Question

我忙于在OpenBravoPOS上进行一些扩展，从我们订购产品的公司阅读我们的发票。

此发票以PDF格式创建。我使用了Itext Library来读取特定的订单行。问题是我能够在一个大字符串中读取我需要的页面。这个字符串看起来像

LEVERINGSBON 30/06/2012 27828/2012/NL/WebShop   Distributeur ID nummer: 15099191 Uw distributeur: Klant Naam: FM Point Marcel Snoeck Adres: Zonnedauw 17 5953MS Reuver Telefoon: +31654317017 E-MAIL: yvonneenmarcel@home.nl Opmerking: -  Lp.
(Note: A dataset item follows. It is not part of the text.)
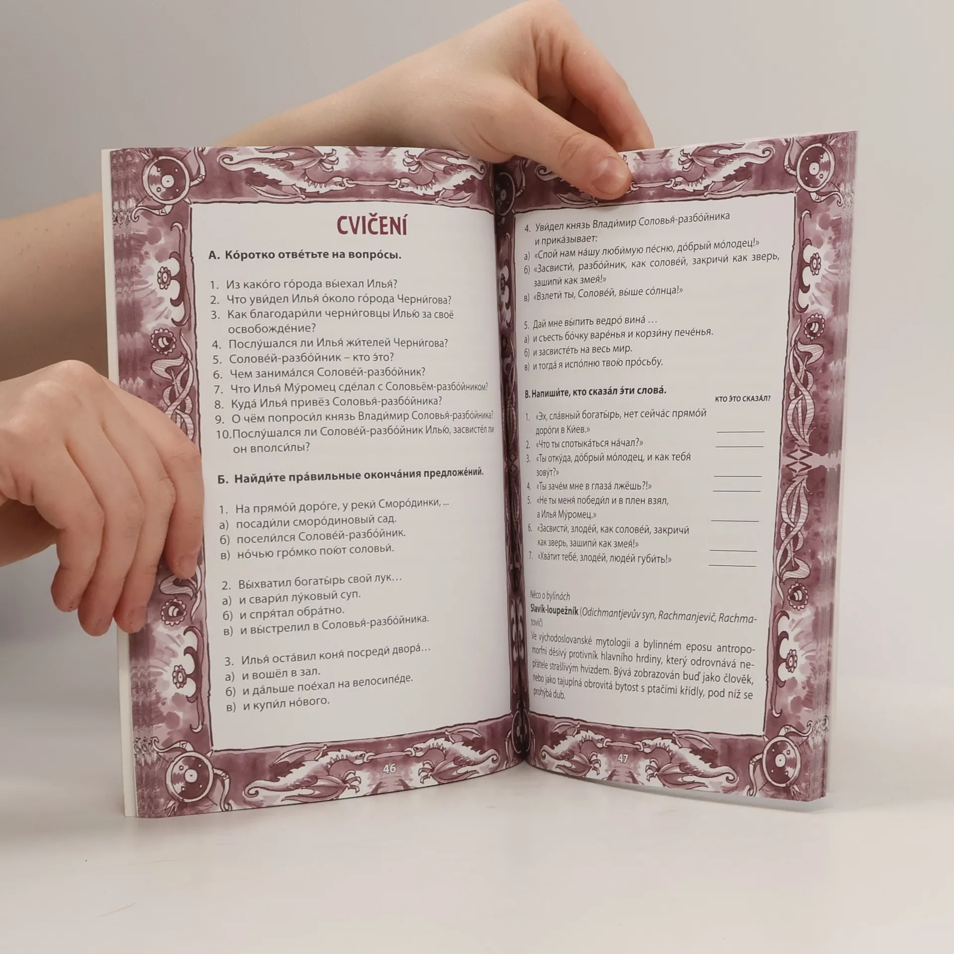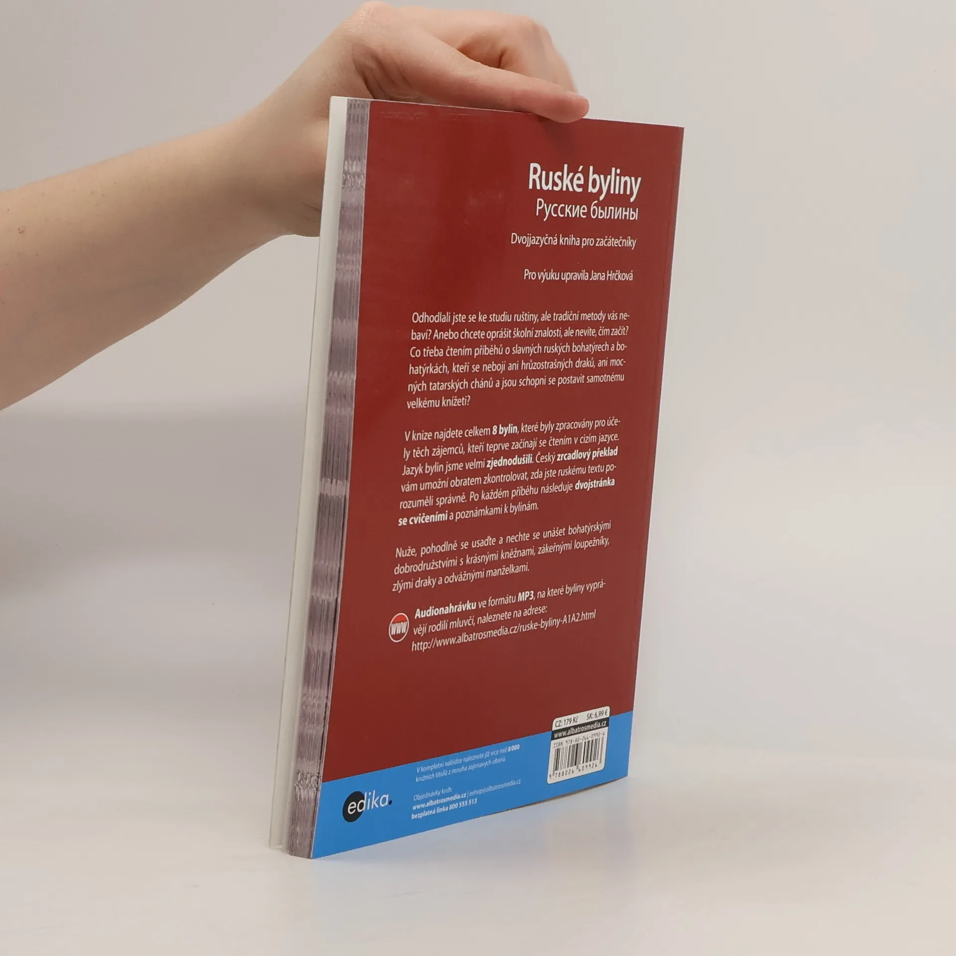 Dvojjazyčná kniha pro začátečníky V knize najdete celkem 8 bylin, které byly zpracovány pro účely těch zájemců, kteří teprve začínají se čtením v cizím jazyce. Jazyk bylin jsme velmi zjednodušili. Český zrcadlový překlad vám umožní obratem zkontrolovat, zda jste ruskému textu porozuměli správně. Po každém příběhu následuje dvojstránka se cvičeními a poznámkami k bylinám. Audionahrávka ve formátu MP3, na které byliny vyprávějí rodilí mluvčí, je zdarma ke stažení na webu.
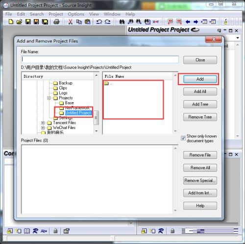 添加完成后,点击“Close”,此时就可以看到Source Insight工程已建好了。

Rekening Totaal FV/39525/2012/NL     vd Wal Sandra 72.00 1 3 x 354 - Luxury Collection 50ml NEW! 72.00 FV/39526/2012/NL     Slaats Tim 6.00 2 1 x KR01 - Eye Pencil DECADENCE BLACK 6.00 FV/39527/2012/NL     Nabben Britt 44.95 3 3 x E013 - Krachtreiniger 1000ml 24.75 4 2 x E016 -Tapijtreiniger 1000ml 9.20 5 1 x 3 Step Mascara PERFECT BLACK 11.00 FV/39528/2012/NL     Nabben Lieke 32.00 6 1 x 192 - Luxury Collection 50ml 21.00 7 1 x 3 Step Mascara PERFECT BLACK 11.00 FV/39529/2012/NL     Claessens Patrick 12.40 8 1 x P101 - Peeling VERBENA 12.40 FV/39530/2012/NL     Smits Yolanda 56.00 9 1 x E006 - Wasmiddel VIVID COLOURS 1000ml 7.00 10 2 x B023 - Body Lotion 200ml NEW 18.40 11 2 x 023 - Classic Collection 30ml 30.60 FV/39531/2012/NL     van Pol-Thijssen Silvia 34.70 12 1 x 110 - Classic Collection 50ml 15.30 13 1 x N003 - Nagellak HOT RED 7.00 14 1 x P103 - Peeling CHERRY BLOSSOM 12.40 Aantal: 21 Totaal: 258.05 € 1.17.4564.29482 1/1        "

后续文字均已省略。